> [The data]
-*-*-

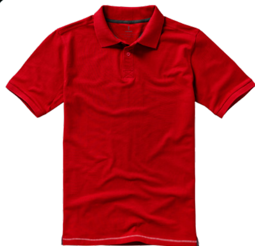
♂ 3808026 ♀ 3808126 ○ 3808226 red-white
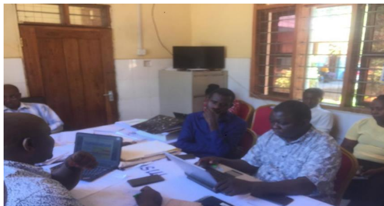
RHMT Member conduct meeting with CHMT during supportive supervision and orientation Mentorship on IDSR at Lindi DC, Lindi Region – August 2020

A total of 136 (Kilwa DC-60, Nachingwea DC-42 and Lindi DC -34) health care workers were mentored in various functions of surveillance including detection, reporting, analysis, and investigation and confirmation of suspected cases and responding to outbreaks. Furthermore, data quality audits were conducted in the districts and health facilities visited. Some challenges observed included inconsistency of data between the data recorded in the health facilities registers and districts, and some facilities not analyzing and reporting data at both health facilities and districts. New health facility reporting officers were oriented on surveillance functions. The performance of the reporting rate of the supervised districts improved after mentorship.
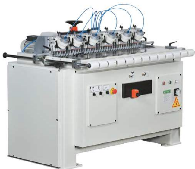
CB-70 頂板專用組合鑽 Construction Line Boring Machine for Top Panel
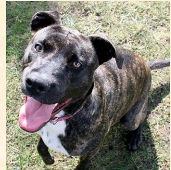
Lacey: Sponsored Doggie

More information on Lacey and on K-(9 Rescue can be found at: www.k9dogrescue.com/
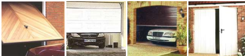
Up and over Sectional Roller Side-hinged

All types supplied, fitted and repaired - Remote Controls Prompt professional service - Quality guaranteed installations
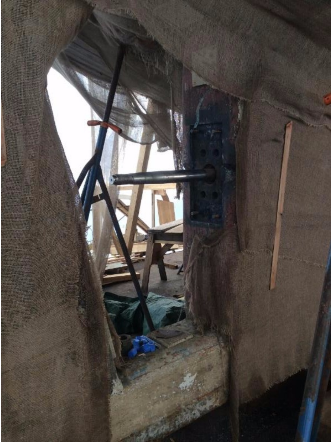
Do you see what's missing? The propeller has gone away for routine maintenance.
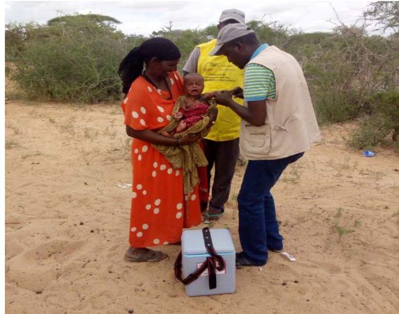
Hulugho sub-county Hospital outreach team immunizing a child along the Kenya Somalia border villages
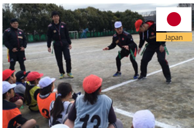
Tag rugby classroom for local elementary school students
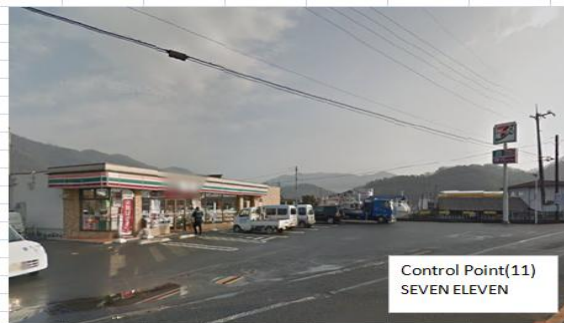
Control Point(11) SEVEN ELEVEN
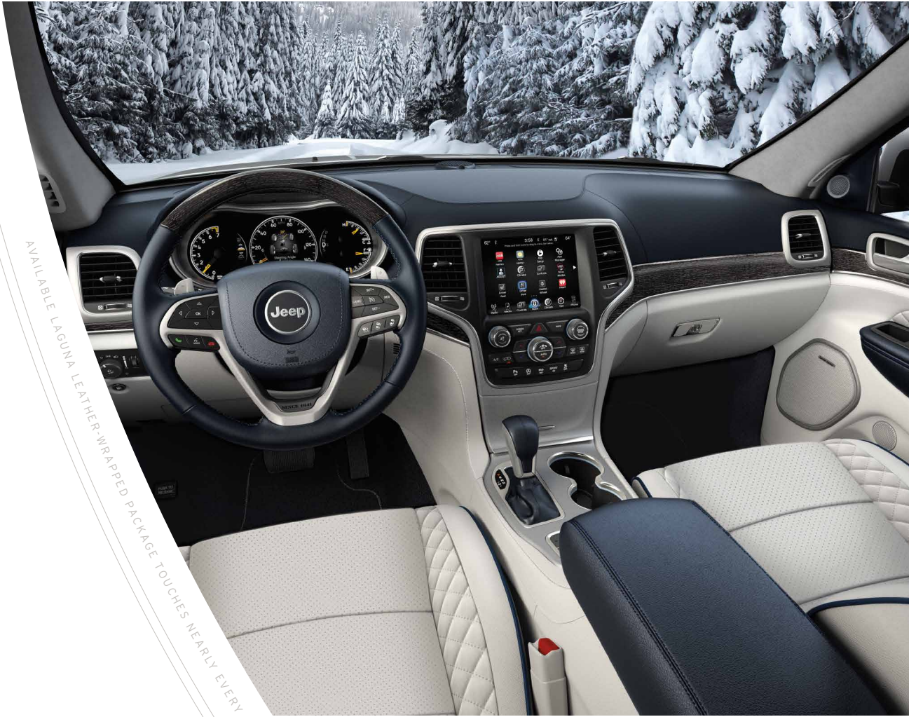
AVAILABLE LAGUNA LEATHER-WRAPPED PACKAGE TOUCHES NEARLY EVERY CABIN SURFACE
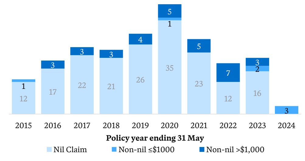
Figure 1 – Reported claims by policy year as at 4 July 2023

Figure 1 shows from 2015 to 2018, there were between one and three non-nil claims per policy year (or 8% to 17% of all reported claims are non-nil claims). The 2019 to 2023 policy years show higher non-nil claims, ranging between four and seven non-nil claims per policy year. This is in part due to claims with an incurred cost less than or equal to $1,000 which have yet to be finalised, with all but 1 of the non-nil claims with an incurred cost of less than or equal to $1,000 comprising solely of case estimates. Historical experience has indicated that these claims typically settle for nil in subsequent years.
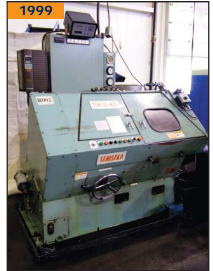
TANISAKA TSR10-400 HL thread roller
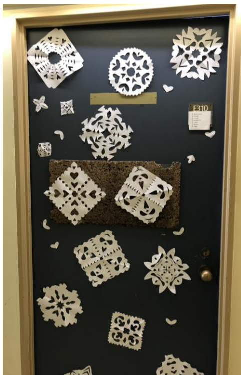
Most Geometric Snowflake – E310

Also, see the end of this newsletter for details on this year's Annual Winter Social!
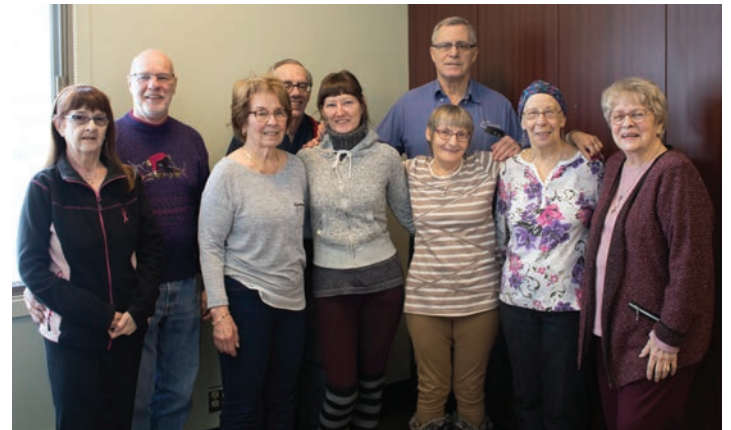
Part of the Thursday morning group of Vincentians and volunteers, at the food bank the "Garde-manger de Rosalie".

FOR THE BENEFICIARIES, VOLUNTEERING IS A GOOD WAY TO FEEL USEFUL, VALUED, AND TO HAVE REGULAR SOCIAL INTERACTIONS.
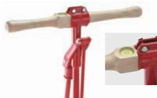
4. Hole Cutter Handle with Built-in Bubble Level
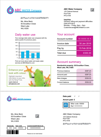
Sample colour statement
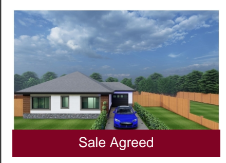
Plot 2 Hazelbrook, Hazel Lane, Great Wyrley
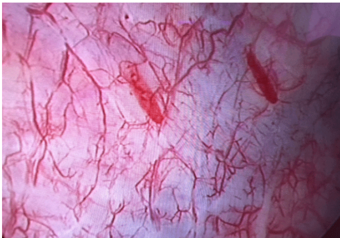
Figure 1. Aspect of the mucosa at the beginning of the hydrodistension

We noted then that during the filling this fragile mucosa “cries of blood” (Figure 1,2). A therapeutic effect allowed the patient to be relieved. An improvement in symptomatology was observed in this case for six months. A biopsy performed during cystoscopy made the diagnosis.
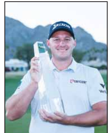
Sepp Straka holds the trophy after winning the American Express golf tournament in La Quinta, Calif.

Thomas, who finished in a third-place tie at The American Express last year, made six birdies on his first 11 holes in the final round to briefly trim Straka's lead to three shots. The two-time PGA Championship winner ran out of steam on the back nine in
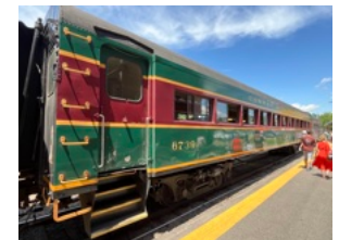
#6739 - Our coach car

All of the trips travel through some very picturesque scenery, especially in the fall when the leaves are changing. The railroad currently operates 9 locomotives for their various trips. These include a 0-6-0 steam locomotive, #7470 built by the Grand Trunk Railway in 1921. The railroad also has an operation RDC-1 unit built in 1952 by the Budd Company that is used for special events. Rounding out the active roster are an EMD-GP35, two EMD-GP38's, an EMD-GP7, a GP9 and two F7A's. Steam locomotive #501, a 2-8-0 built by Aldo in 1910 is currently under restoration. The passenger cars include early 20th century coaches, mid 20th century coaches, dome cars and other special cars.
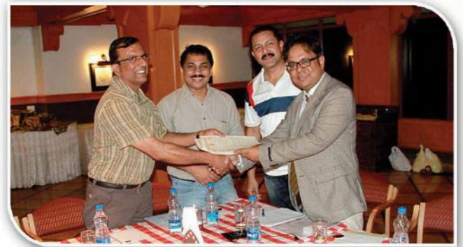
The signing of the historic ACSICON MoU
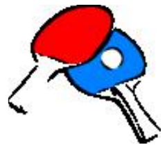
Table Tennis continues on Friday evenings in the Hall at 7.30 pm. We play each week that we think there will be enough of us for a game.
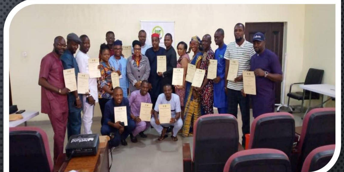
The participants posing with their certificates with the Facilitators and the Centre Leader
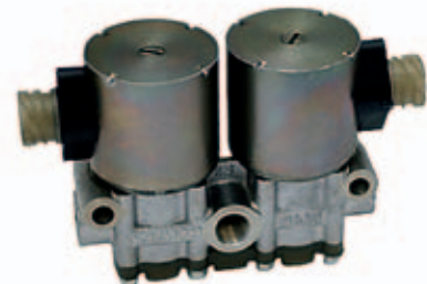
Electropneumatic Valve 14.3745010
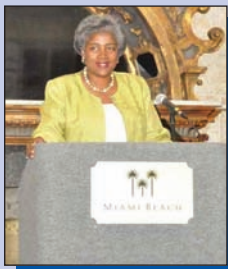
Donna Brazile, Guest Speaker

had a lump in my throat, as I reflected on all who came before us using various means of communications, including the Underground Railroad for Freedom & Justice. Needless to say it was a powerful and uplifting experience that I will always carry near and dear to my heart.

-*-*-

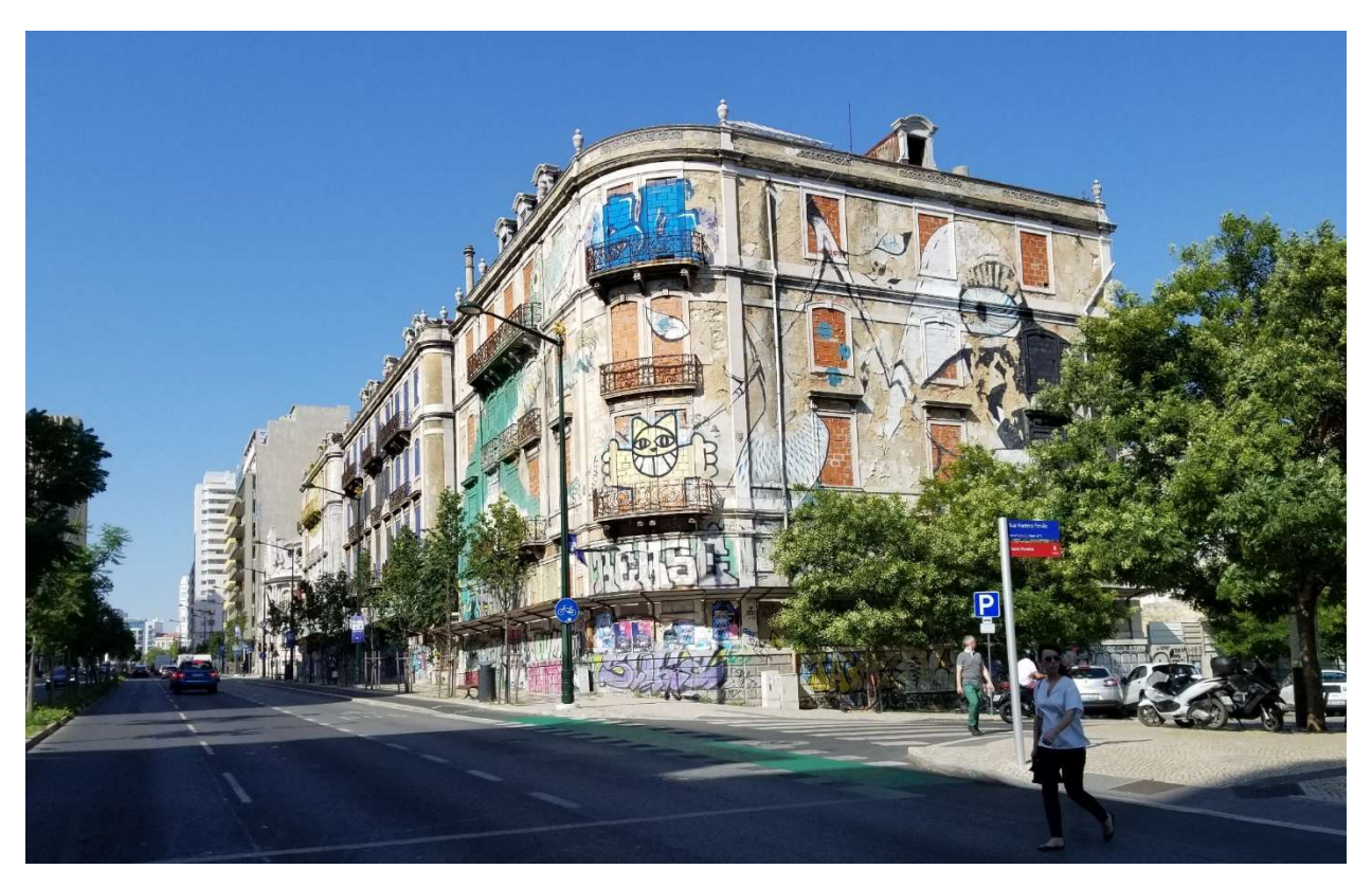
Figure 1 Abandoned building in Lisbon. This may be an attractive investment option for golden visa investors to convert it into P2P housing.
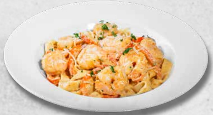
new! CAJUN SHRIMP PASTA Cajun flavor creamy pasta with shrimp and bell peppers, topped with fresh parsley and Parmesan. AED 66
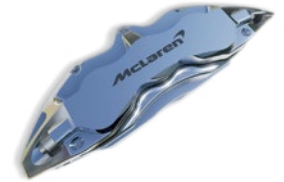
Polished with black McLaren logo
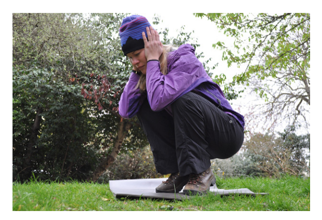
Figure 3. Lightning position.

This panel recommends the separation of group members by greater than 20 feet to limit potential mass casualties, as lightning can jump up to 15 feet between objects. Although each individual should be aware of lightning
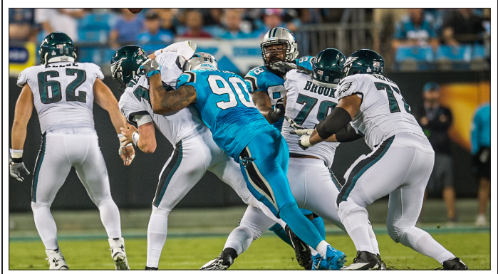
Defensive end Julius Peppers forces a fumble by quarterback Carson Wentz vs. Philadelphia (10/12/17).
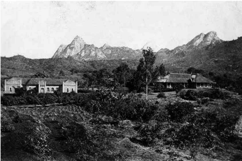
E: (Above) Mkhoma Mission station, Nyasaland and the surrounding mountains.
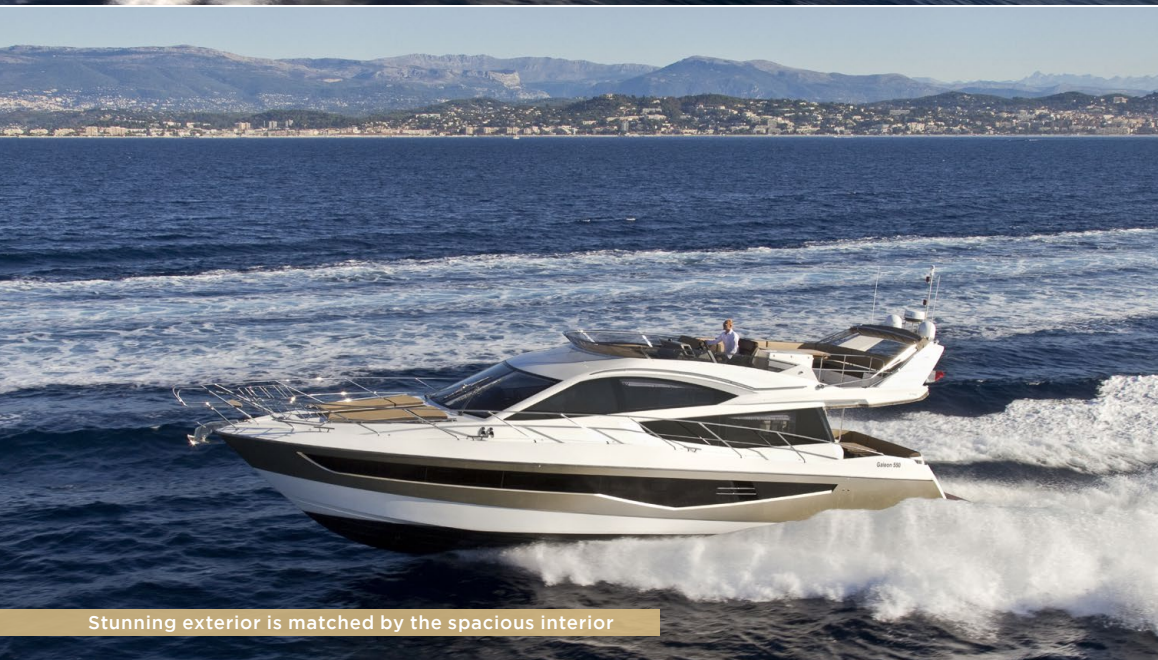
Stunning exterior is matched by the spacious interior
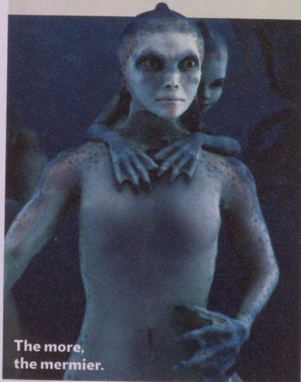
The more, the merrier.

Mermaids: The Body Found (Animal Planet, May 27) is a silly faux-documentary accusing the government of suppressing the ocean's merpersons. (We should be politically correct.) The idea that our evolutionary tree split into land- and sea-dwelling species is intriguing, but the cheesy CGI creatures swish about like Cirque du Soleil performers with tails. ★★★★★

-*-*-

> [Your goal] Range to copy from the records above: the line containing "The signing of the historic ACSICON MoU" to the line containing "had a lump in", both included. Output those lines exactly and only those, skipping pictures.

> [Result of the task]
The signing of the historic ACSICON MoU
Table Tennis continues on Friday evenings in the Hall at 7.30 pm. We play each week that we think there will be enough of us for a game.
The participants posing with their certificates with the Facilitators and the Centre Leader
Electropneumatic Valve 14.3745010
Donna Brazile, Guest Speaker

had a lump in my throat, as I reflected on all who came before us using various means of communications, including the Underground Railroad for Freedom & Justice. Needless to say it was a powerful and uplifting experience that I will always carry near and dear to my heart.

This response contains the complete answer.